His role as Maximiliano Rubín in TVE miniseries Fortunata y Jacinta (1980) earned him notoriety. Ensuing roles include his portrayals of Iturbe in Escape from Segovia (1981), Rubio Antofagasta in Mario Camus' The Beehive (1982), and Ramón in Luces de bohemia, the 1985 adaptation of the play of the same name by Ramón del Valle Inclán, written by Camus and directed by Miguel Ángel Díez. He also appeared in El río que nos lleva (1989), Don Juan in Hell (1991, as Don Juan's esquire Esganarel), and Savages (2001, as Turuta).

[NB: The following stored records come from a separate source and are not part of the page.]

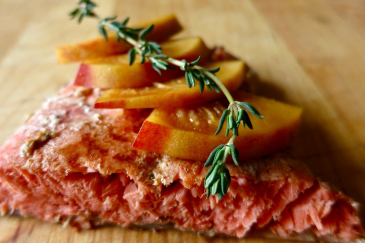 - Grilled wild caught Alaskan salmon. Salmon is marinated and cooked in brown sugar, seasonings and topped off with nectarine slices and fresh herbs from the garden giving the salmon a perfect sweet and savory flavor.
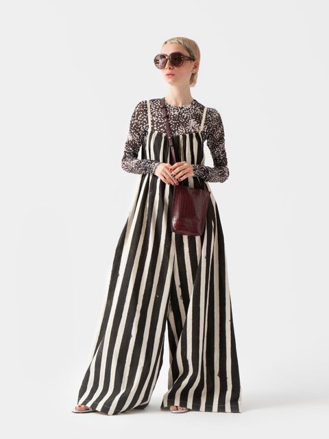شلوار زنانه نخی مشکی صبح خاکستری طرح یک
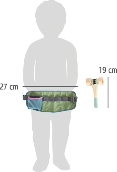 Curea reglabilă pentru copii, plină de instrumente din lemn, este accesoriul ideal pentru joacă imaginativă. Designul scandinav și construcția durabilă garantează distracție pentru băieți și fete.
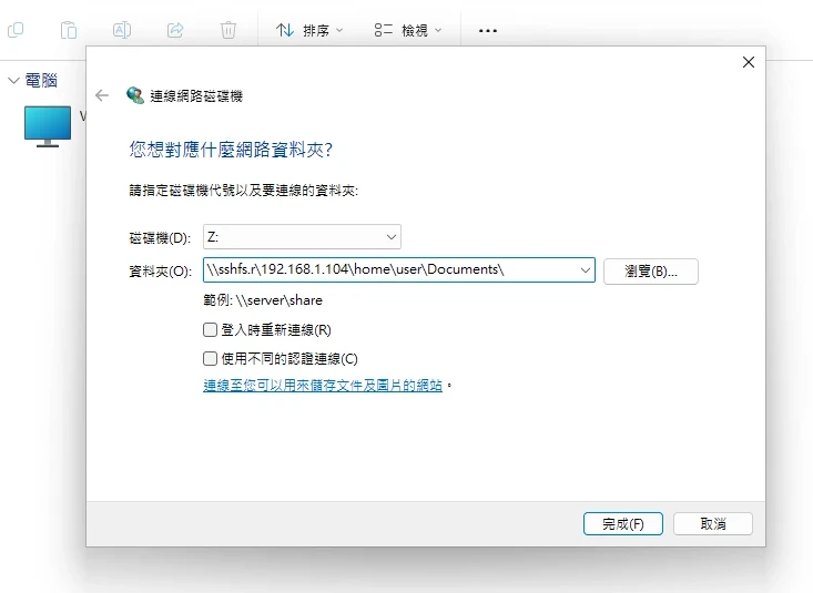 \\sshfs.r\伺服端IP\伺服端路徑\,按下Enter,輸入伺服端的帳號密碼即可連線。請注意Windows的路徑是\反斜線。
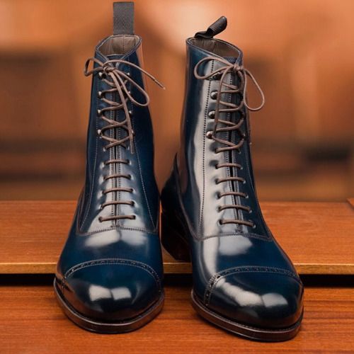 Inner: Soft Sole: Leather Gender : Male Heel: Leather Color: Navy Blue Style: Balmoral Boot Totally Hand stitched Manufacturing time 7-10 business days If you can’t find your Size/Color just send us message we will make for you.

He portrayed Mohamed "Moromierda" in crime comedy film Makinavaja, el último choriso (1992) and its sequel ¡Semos peligrosos! Uséase, Makinavaja 2 (1993). He portrayed Damián, the tame father of Elena Valdés (María Castro) in television series Tierra de lobos. His work earned him a nomination to Best Television Actor in a Minor Role at the 20th Actors and Actresses Union Awards.

Late television performances include credits in Adolfo Suárez, el presidente (as Gutiérrez Mellado), Cuéntame (as Lorenzo), and ¡García!. Likewise, he has also appeared in films such as The Platform (2019), En otro lugar (2022), and Close Your Eyes (2023), portraying aging film editor Max Roca.